--- START ---

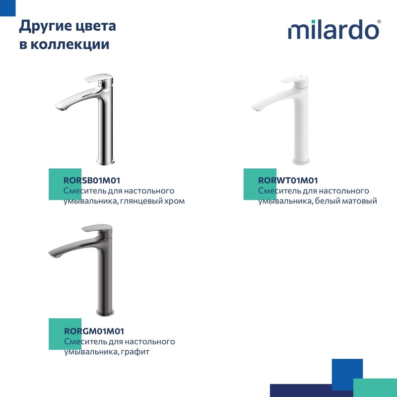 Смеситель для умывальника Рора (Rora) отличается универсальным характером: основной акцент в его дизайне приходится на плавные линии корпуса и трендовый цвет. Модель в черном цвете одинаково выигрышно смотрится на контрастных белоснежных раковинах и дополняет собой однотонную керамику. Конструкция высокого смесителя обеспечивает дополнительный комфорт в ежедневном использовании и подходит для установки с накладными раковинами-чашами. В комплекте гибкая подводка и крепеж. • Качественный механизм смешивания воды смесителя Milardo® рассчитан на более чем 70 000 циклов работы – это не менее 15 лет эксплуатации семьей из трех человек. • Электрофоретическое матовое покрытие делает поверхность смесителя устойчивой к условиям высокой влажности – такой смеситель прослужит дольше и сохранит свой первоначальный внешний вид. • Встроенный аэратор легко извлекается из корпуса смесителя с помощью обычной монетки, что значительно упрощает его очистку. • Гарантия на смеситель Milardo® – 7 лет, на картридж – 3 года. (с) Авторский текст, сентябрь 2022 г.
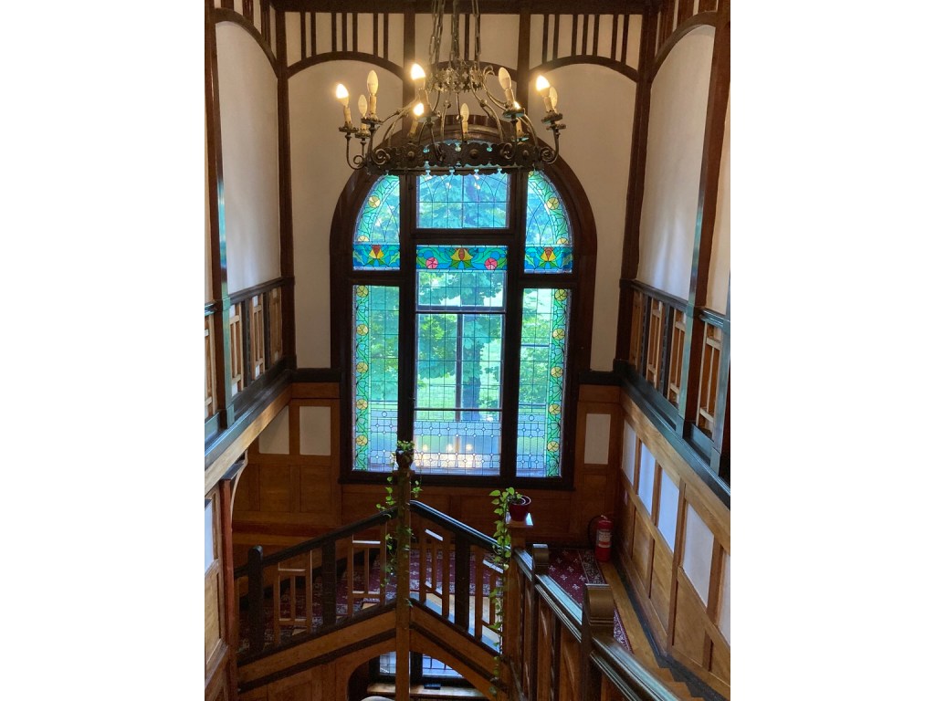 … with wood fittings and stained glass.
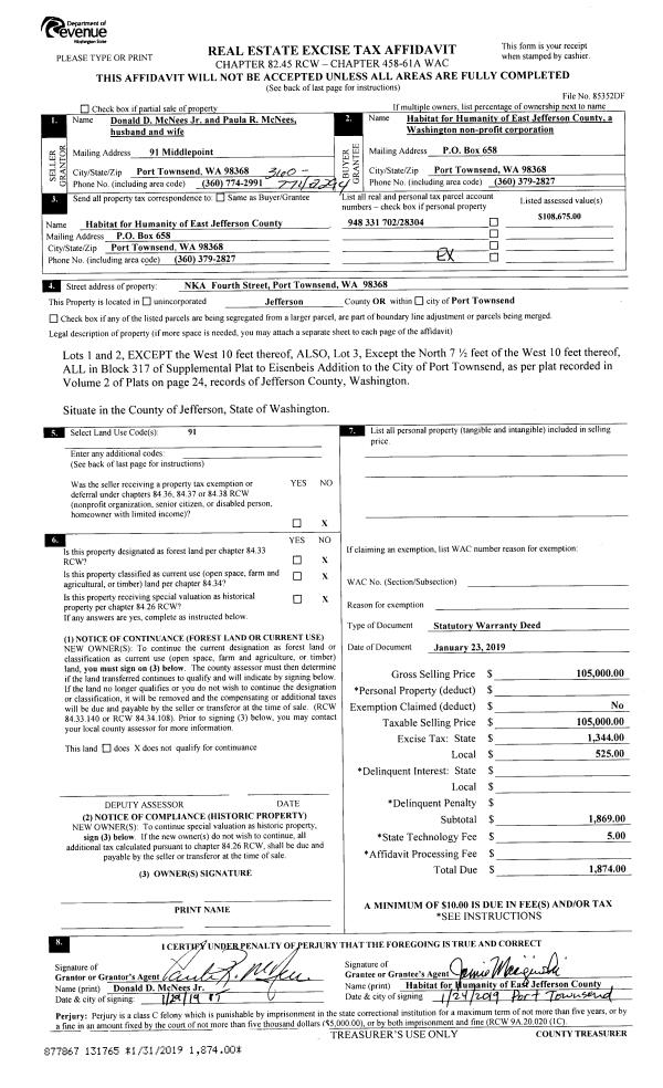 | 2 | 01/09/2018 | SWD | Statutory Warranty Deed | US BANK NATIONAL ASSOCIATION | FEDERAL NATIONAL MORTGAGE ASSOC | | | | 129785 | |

--- END ---

WHAT YOU SHOULD DO:
Omit the pictures. Repeat the rest of the data exactly.

TASK SOLUTION:
 Смеситель для умывальника Рора (Rora) отличается универсальным характером: основной акцент в его дизайне приходится на плавные линии корпуса и трендовый цвет. Модель в черном цвете одинаково выигрышно смотрится на контрастных белоснежных раковинах и дополняет собой однотонную керамику. Конструкция высокого смесителя обеспечивает дополнительный комфорт в ежедневном использовании и подходит для установки с накладными раковинами-чашами. В комплекте гибкая подводка и крепеж. • Качественный механизм смешивания воды смесителя Milardo® рассчитан на более чем 70 000 циклов работы – это не менее 15 лет эксплуатации семьей из трех человек. • Электрофоретическое матовое покрытие делает поверхность смесителя устойчивой к условиям высокой влажности – такой смеситель прослужит дольше и сохранит свой первоначальный внешний вид. • Встроенный аэратор легко извлекается из корпуса смесителя с помощью обычной монетки, что значительно упрощает его очистку. • Гарантия на смеситель Milardo® – 7 лет, на картридж – 3 года. (с) Авторский текст, сентябрь 2022 г.
 … with wood fittings and stained glass.
 | 2 | 01/09/2018 | SWD | Statutory Warranty Deed | US BANK NATIONAL ASSOCIATION | FEDERAL NATIONAL MORTGAGE ASSOC | | | | 129785 | |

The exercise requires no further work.